Published: April 27, 2021
By Madelia Hickman Ring
WILTON, CONN. – A three-volume set containing about 42,000 signatures of Civil War-era visitors to the Bunker Hill Monument in Charlestown, Mass., is returning home to Massachusetts. The volumes, one dated May 1860-June 1862, another June 10, 1862-July 22, 1863, the third from June 4, 1864-February 28, 1865, were auctioned at University Archives’ Rare Autographs, Manuscripts & Books auction on Wednesday, April 14, where they sold for $21,250, including buyer’s premium.

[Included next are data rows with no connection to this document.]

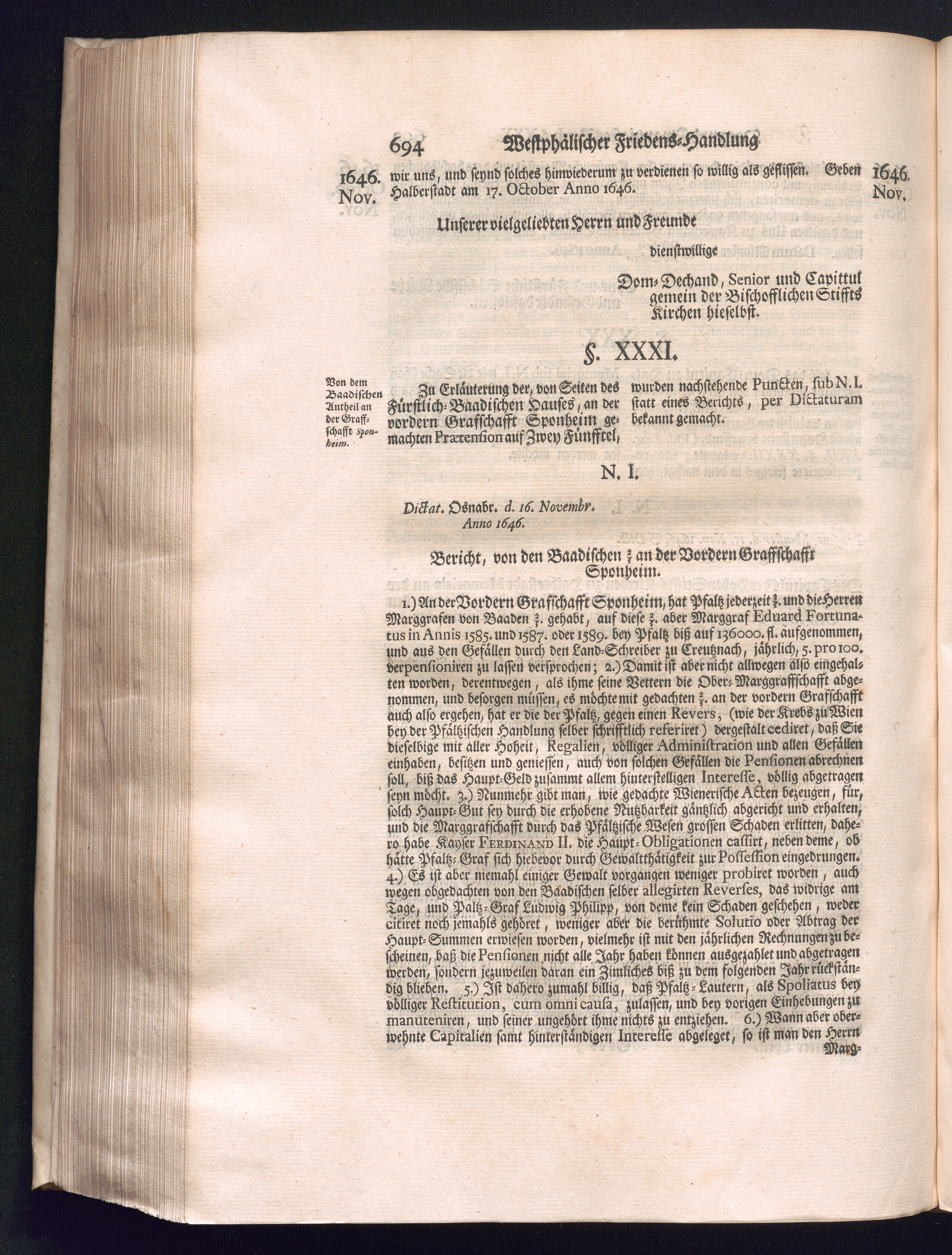 Dritter Theil (1735) Worinnen enthalten, was vom Monath April, biß zu Ende des Jahrs 1646. zwischen Jhro Römisch-Kayserlichen Majestät, dann den Beyden Cronen Franckreich und Schweden, ingleichen des Heiligen Römischen Reichs Chur Fürsten, Fürsten und Ständen, zu Oßnabrück und Münster gehandelt worden
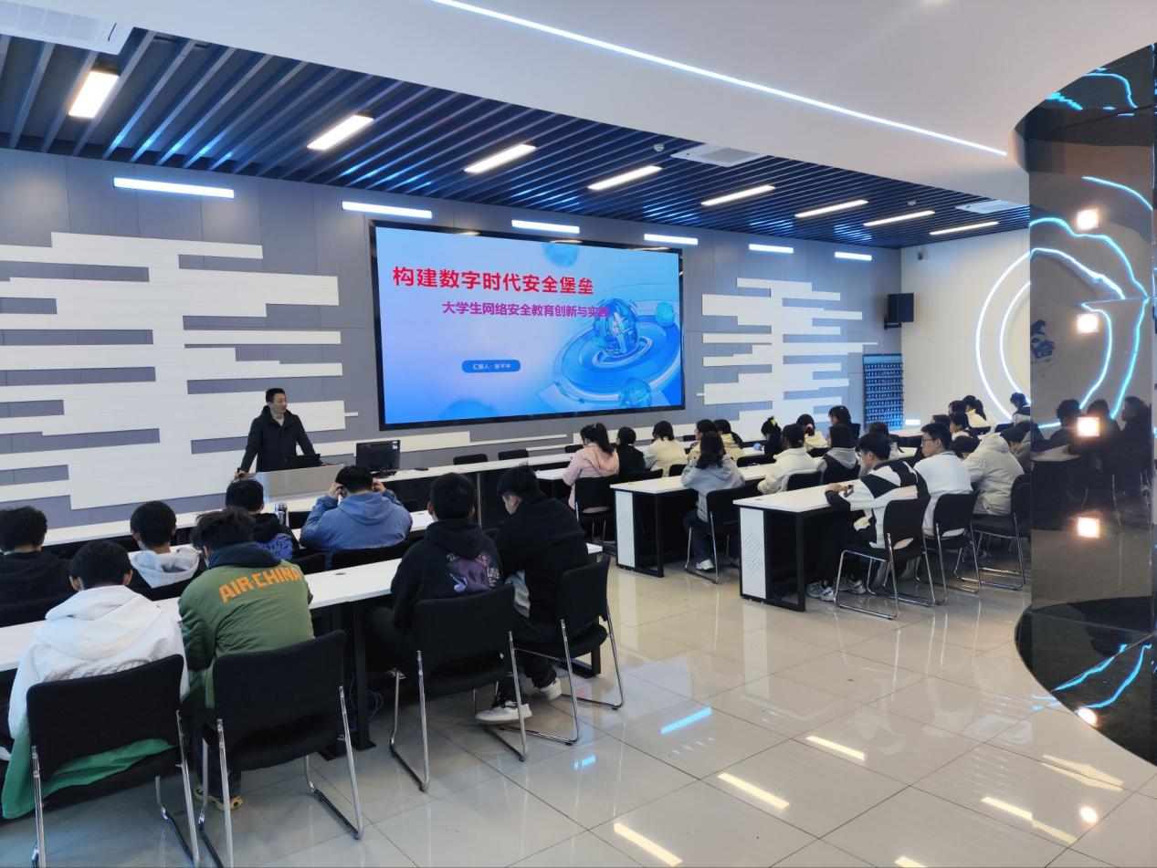 在数字化时代的背景下,网络安全与国防教育的重要性日益凸显,成为国家发展不可或缺的保障。网络安全不仅是数字时代的“生命线”,更是维护国家稳定、社会安宁和人民福祉的关键基石。为了提升AC米兰官网师生的网络安全意识,强化大学生网络安全教育,11月20日下午,信息工程与传媒学院张平华教授在轨道楼四楼为全校师生做了一场主题为《构建数字时代安全堡垒——大学生网络安全教育创新与实践》的学术讲座。
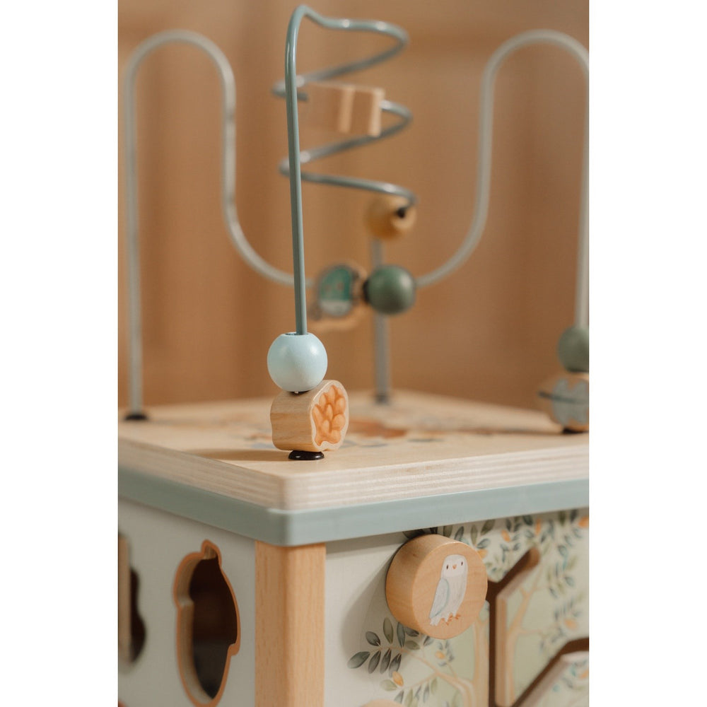Stimuler dit barns udvikling med Little Dutch Forest Friends Blue Aktivitetskube. Denne farverige terning tilbyder sjove aktiviteter på alle sider, inklusive form sortering, roterende tandhjul og et fascinerende perlelabyrintspil på top. Med levende illustrationer af skovens venner, er hver opgave designet til at udvikle finmotorik og stimulere kreativ tænkning. Nem at gribe og holde, perfekt til små hænder, og let at opbevare. En herlig måde at bringe lærerig sjov ind i hjemmet.

Before the sale, John Reznikoff, the owner of University Archives, reached out to White Plains, N.Y., American manuscripts dealer, Seth Kaller, to alert him of the sale; Kaller, in turn, reached out to a client who ended up purchasing the volumes. An April 15 story in the Boston Globe quoted Kaller as saying “My client said yes immediately. One way or another, they will make their way back to Bunker Hill.”
According to the Globe, Charlestown historians had been unaware that the books were no longer in the possession of the Bunker Hill Monument Association. By the time the museum learned that the volumes were coming up for auction, there was not enough time to rally the funds necessary to bid on the books, which had been estimated by University Archives at $7,5/8,000.

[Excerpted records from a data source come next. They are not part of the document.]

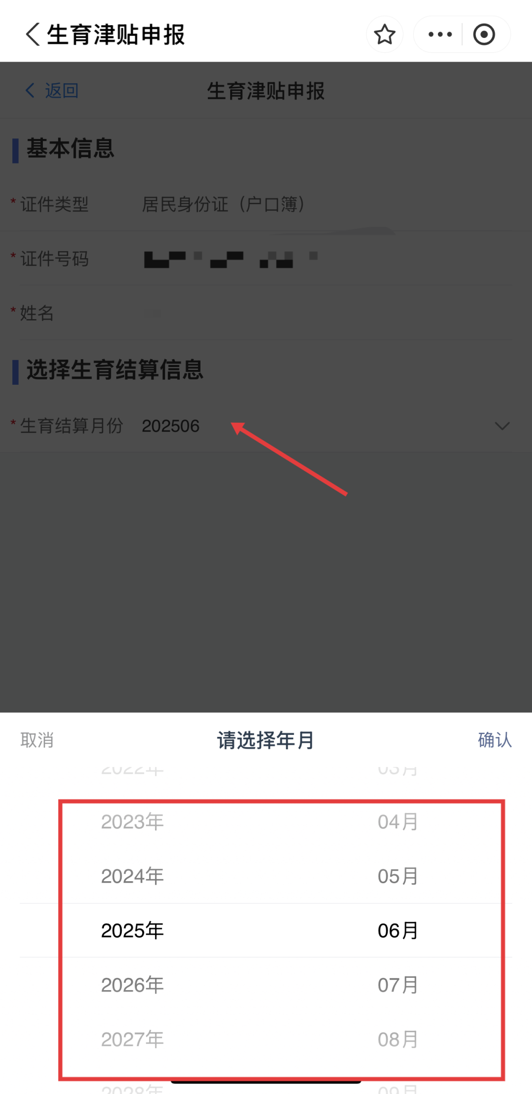 ④系统展示生育结算信息,请核对身份信息无误后,选择“生育结算月份”;
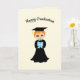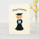 Grattis på examen-kort med en söt doktorand på gul bakgrund. All text kan anpassas!
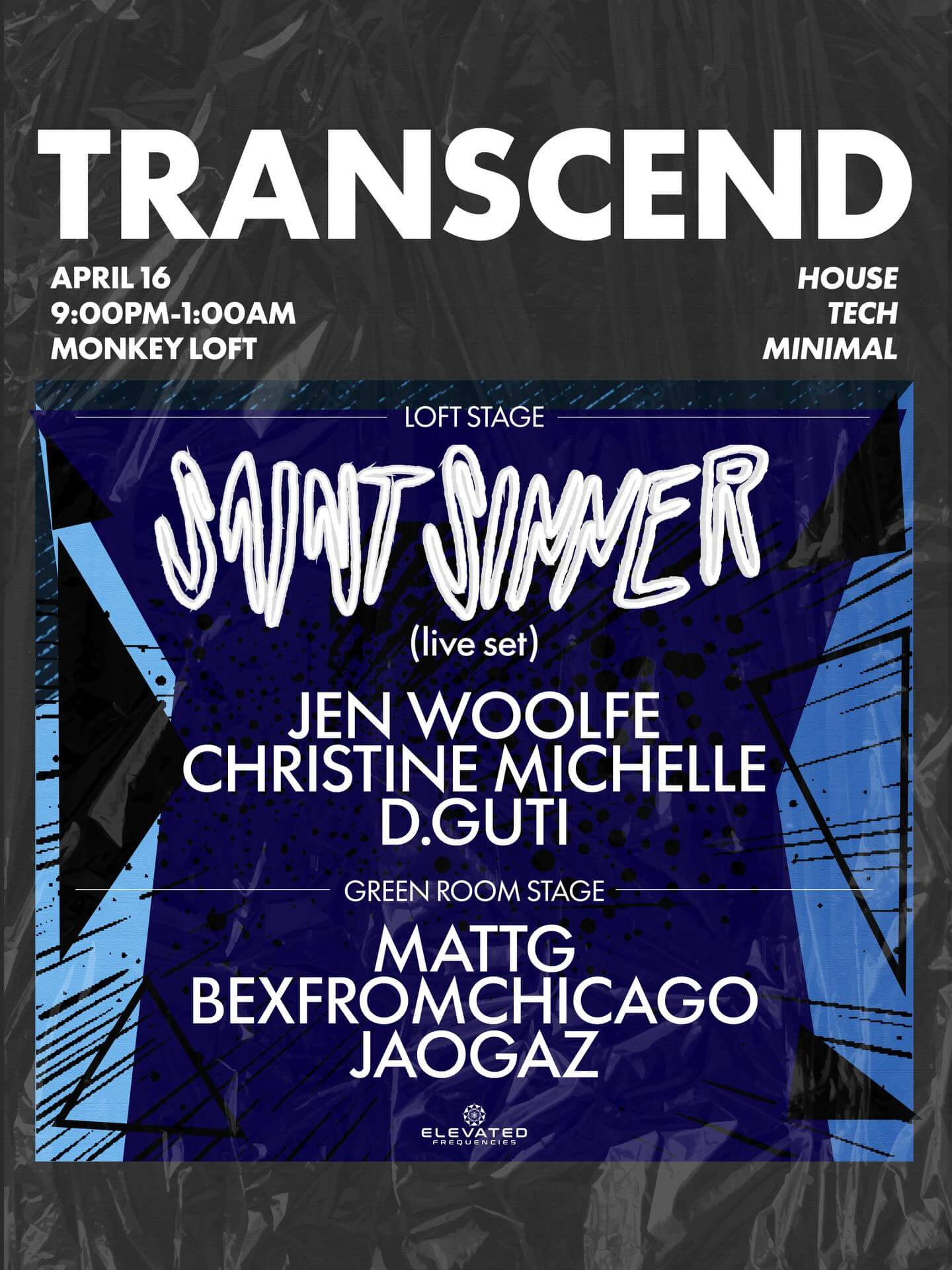 Elevated Frequencies presents Transcend: Catch Elevated Frequencies TRANSCEND at Monkey Loft ft. grammy nominee Saint Sinner for a live performance on his new album + two stacked stages from 9-1 w/guest support by Jen Woolfe, MattG, Bex From Chicago and Elevated Residents D.Guti, Jaogaz and Christine Michelle.

The association does not know when the volumes left their possession. In the Globe’s reporting, some association members “had speculated that the guestbooks, signed by an extraordinary range of Nineteenth Century Americans, were stolen at some point over the last century and a half. Many of the association’s artifacts and records had been dispersed among its members after the state took control of the monument in 1919, followed by the National Park Service in 1976.

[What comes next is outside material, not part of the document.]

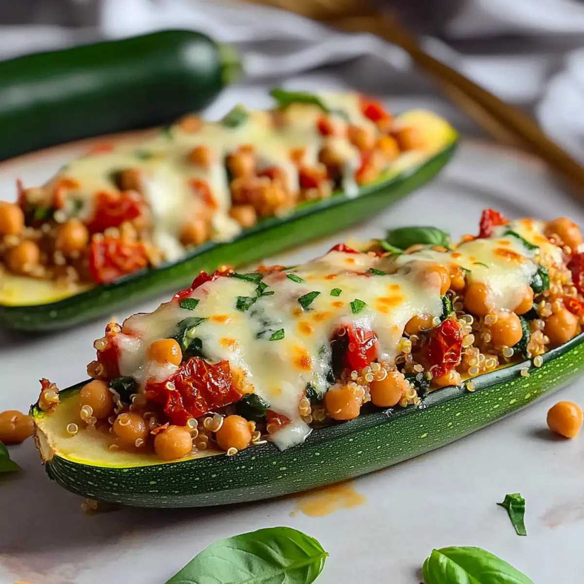 These Tuscan Stuffed Zucchini Boats with Quinoa are ideal for meal prep, saving you valuable time on busy weeknights! You can prepare the filling (quinoa, chickpeas, and vegetables) up to 3 days in advance and store it in an airtight container in the refrigerator. Hollow out the zucchini and pre-season them up to 24 hours ahead; just remember to drizzle them with olive oil before storing to prevent browning. When you’re ready to cook, simply fill the zucchini boats with the prepped filling, top with mozzarella, and bake as instructed. This way, you’ll enjoy all the comforting flavors with minimal effort, resulting in delicious, homemade meals that fit seamlessly into your life!

Two of the three volumes had previously sold at the Boston auction house Skinner’s, which offered them in an online Books & Manuscripts sale on November 17, 2019; at the time, they brought $1,046 against an estimate of $300/500.
Several Civil War-era luminaries, as well as ordinary citizens and international visitors to the Boston area signed the guest books, including First Lady Mary Todd Lincoln (1818-1882), who visited the Bunker Hill Monument on May 18, 1861. Albert Edward, Prince of Wales (later King Edward VII) (1841-1910), visited Boston from October 17-20 during his tour of North America in 1860. Frederick F. Low (1828-1894), represented California in the US House of Representatives from June 1862 to March 1863, served as governor of California from December 1863 to December 1867, and was the United States’ Minister to China from 1869-1873. Major General George B. McClellan (1826-1885) served as Commanding General of the United States Army from November 1861 to March 1862.
The Globe also quoted Arthur Hurley, president of the Monument Association, as being elated that the guestbooks are coming home. “We’ll have to find a case for them and put them on display at the Bunker Hill Museum,” he said.